Das Scotter said:
John, I respect you as a journalist, but I am dumbfounded by how you're acting here.
The PSP is a nice piece of hardware for sure, but do all consoles and portables have to be able to play music and movies now?
Forgive me for sounding like someone from 2001, but I am still confused as to why a GAME MACHINE'S ability to play NON-GAME RELATED SOFTWARE makes any sort of difference at all.
If I want to listen to music on the go, then I have a CD Player. If I feel the need to take hundreds of songs with me, then I'll get an iPod.
If I want to watch movies on the go, I'll get a portable DVD player. I'm not so sure that we'll see a lot of UMD movies that aren't from Sony's own companies.
This has been bothering me since the PS2 launched and I still have not recieved my answer. Why the hell does it matter if my games machine can't do something besides play games?
It's an option. A choice.
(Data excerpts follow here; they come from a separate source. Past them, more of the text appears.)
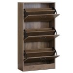 Botník s tromi priehradkami je vyrobený z MDF dosiek s povrchovou úpravou, ktorá napodobňuje prirodzenú štruktúru dreva. Každá priehradka ponúka dostatok priestoru na uskladnenie obuvi a je vybavená čiernymi kovovými úchytkami pre ľahké otváranie. Kompaktné rozmery botníku umožňujú jeho umiestnenie aj do menších priestorov, pričom pevná konštrukcia zaisťuje stabilitu a dlhú životnosť.
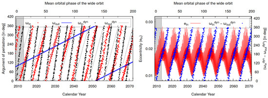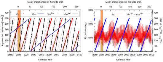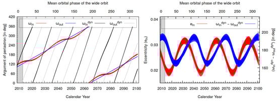The evolution of the orbits in KIC 9714358 from its discovery to the end of the current century. Left panel: The variations of the observable and the dynamical arguments of periastron of the inner and outer orbits ( and , respectively). Right panel: The cyclic variation of the inner eccentricity, and the very similar variations of the difference of the dynamical arguments of periastrons of the two orbits. The gray shaded area represents the interval of the Kepler observations. See text for further details.
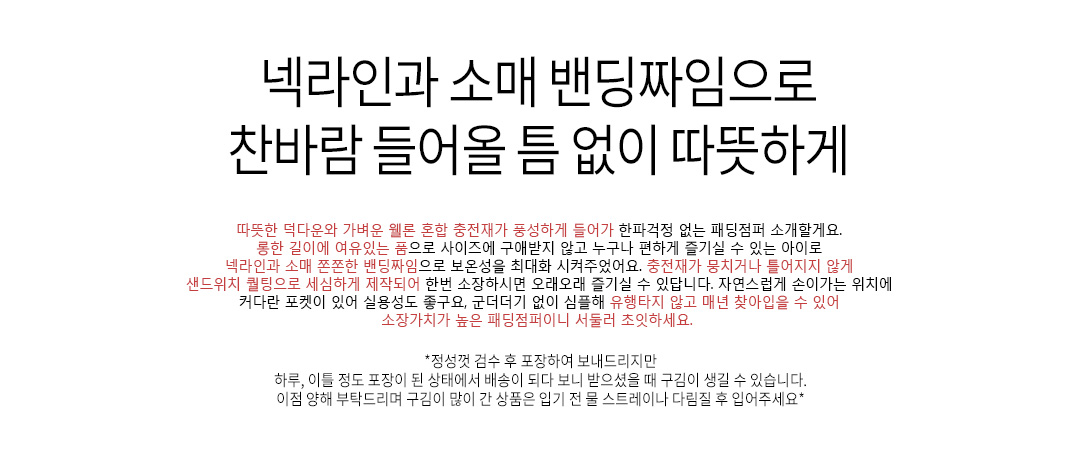 | 소재(Material) | 폴리에스테르(polyester/)100%안감폴리에스테르(polyester/)100%충전재(Filler/)오리털(duckdownyhair/)50%+웰론(wellon/)50% | |

That's why it's so important IMO.
I use my iPod for music, so yeah, I don't really care if PSP plays music or not. But it does. And for many, many people (myself not included, obviously), that is going to be a very big selling point.
Because of this, if anyone is going to present a competitor to the PSP that's going to want any chance of being successful, it's going to need to at least match the PSP, function-wise. That means being able to play music and movies.
GameCube is a perfect example of why going games-only and not trying to compete on the media front is a bad idea. Look at it -- third-party support is all but dead and it never got anywhere near as big as it should have, because the system never took off the way it should have -- and would have -- had it also had the ability to play DVDs and CDs. You can't ignore mainstream consumers and expect to be successful, it just doesn't work anymore. If I'm Joe Average Consumer who doesn't live and breathe videogames but likes the occasional game of Madden or Halo now and then like anyone else, why would I buy a system like GC when I can get one just like it (PS2) that also plays DVDs and CDs and doesn't look like a lunchbox? The answer is, I wouldn't. And that's just what happened. Sticking to that crappy-ass 1.5GB proprietary disc format instead of going with the industry standard was a huge mistake, just like when they went with carts over CDs on N64.
If Nintendo's going to compete with PSP, the next GBA *HAS* to be able to do at least as much as the PSP can. At the very least, if they don't show up with at least as nice of a screen, better hardware, some kind of analog control and a better media format (all of which sounds highly unlikely to me), they may as well just pack it in and go home.
So as not to be exceedingly negative this fine afternoon, let me flip this and present a question to you folks (not only the N-heads, but normal people as well): do you honestly think Nintendo is going to come back with a portable that will rival PSP in terms of quality and capabilities? If so, I'd like to hear your thought on this. When, why, how, etc. etc.